People do not lie in research. They simply cannot accurately report their own behavior, for four well-documented reasons:

Memory is reconstructive. People do not replay events; they rebuild them, smoothing over the friction and forgetting the small frustrations.
Social desirability bias. Participants want to be helpful and competent, so they round their answers toward what sounds reasonable.
Rationalization. People invent plausible explanations for behavior that was actually driven by habit, defaults, or impulse.
No introspective access. Much of what users do is automatic. They genuinely do not know why they tapped where they tapped.

In usability research specifically, self-reporting is consistently less reliable than observation: users routinely report that an interface was easier than it actually was, and that gap only becomes visible when someone watches.

The Main Types of Observational Research

Observational research is a spectrum, from completely natural settings to controlled lab conditions.

Naturalistic (Field) Observation

Watching users in their real environment with no intervention — a "fly on the wall." It captures genuine, unprompted behavior but offers no control over what happens.

Contextual Inquiry

A hybrid of observation and interviewing.

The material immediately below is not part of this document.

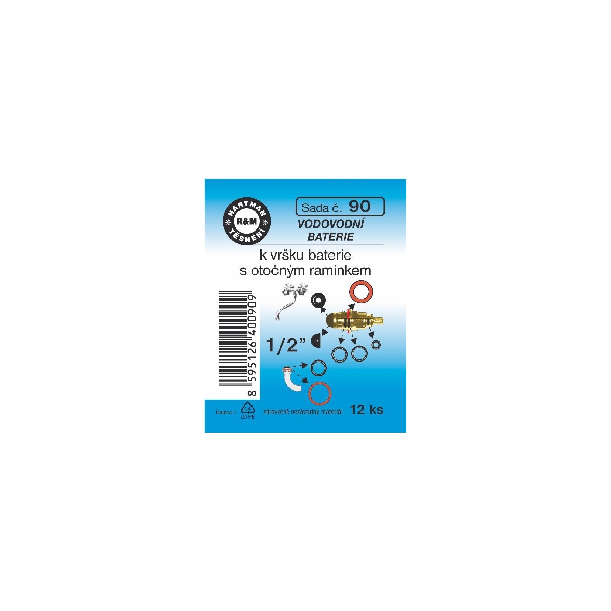 Sada těsnění pro vodovodní baterie, k vršku baterie, 1/2", 12 ks, č. 90, HARTMAN

The researcher watches users perform real tasks in their own environment and asks questions in the moment. The Nielsen Norman Group describes contextual inquiry as a type of ethnographic field study focused on understanding work practices and behaviors. It is the workhorse method for B2B and workflow products.

Ethnographic Research

Deep, prolonged immersion in users' lives and culture. A famous example: an IDEO team observing hospital nurses noticed they were writing patient information on tape stuck to their scrubs, because the official systems were not accessible at the bedside. No survey would have surfaced that workaround — it had to be seen.

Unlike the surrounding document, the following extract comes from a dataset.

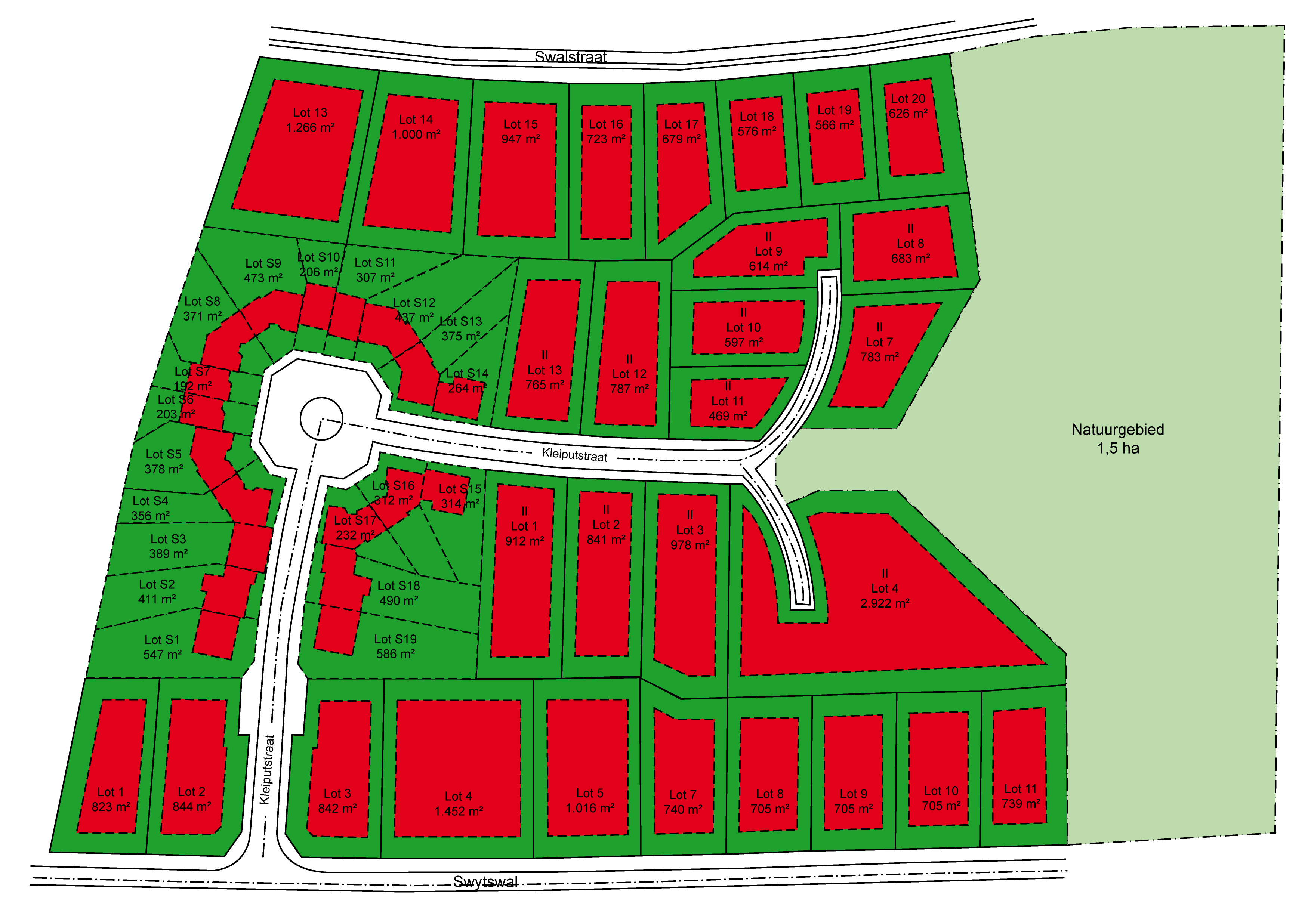 verkaveling voor 48 loten bouwgrond.

Usability Testing (Lab Observation)

Scripted observation in a controlled setting, watching users attempt defined tasks with a product or prototype. Because it is structured observation, five participants surface roughly 85% of an interface's usability problems, per the Nielsen Norman Group — which is why usability tests stay small.

Diary Studies and Self-Observation

Participants log their own behavior over days or weeks. Not pure observation, but it captures behavior over time that a researcher cannot be present for.

Observation Tells You What. It Rarely Tells You Why.

Here is the honest limitation of observational research: it is unbeatable at revealing what people do and where they struggle — and it is silent on why. You can watch a nurse tape a note to her scrubs. You can see exactly where it happens. But the observation alone does not tell you whether the official system is too slow, too far away, requires a login she does not have, or simply was never trusted. To know that, you have to ask.

This is the central trade-off in research method selection. Behavioral, observational methods give you unfiltered truth about actions. Attitudinal methods — interviews — give you the reasoning, motivation, and emotion behind those actions. Strong research does not choose. It pairs them: observe to find the behavior, then interview to explain it.

The catch has always been cost. Running an observational study and then recruiting, scheduling, and moderating follow-up interviews — and manually analyzing all of it — is slow enough that most teams do one or the other and live with the blind spot.

How to Run an Observational Study

Define the behavior in question. Be specific: "how users recover from a failed payment," not "how users feel about checkout."
Choose the setting. Natural environment for genuine behavior; controlled setting for comparability. The choice determines what you can observe and how well it generalizes.
Recruit a representative sample. Off-target participants produce confident, wrong conclusions.
Observe without interfering. Your job is to watch, not to coach. Note workarounds, hesitations, errors, and emotional cues.
Capture rigorously. Timestamped notes, screen or video recording where consent allows, and a structured log so sessions can be compared.
Pair observation with inquiry. Immediately after the session, while context is fresh, ask the user to explain the moments you flagged. This is the step that converts behavior into insight.
Analyze for patterns. Look across sessions for recurring behaviors and workarounds — the repeated patterns, not the one-off anomalies.

How Koji Adds the "Why" at Scale

Koji is an AI-native research platform built to close exactly the gap observation leaves open — the why — without the cost that normally makes teams skip it.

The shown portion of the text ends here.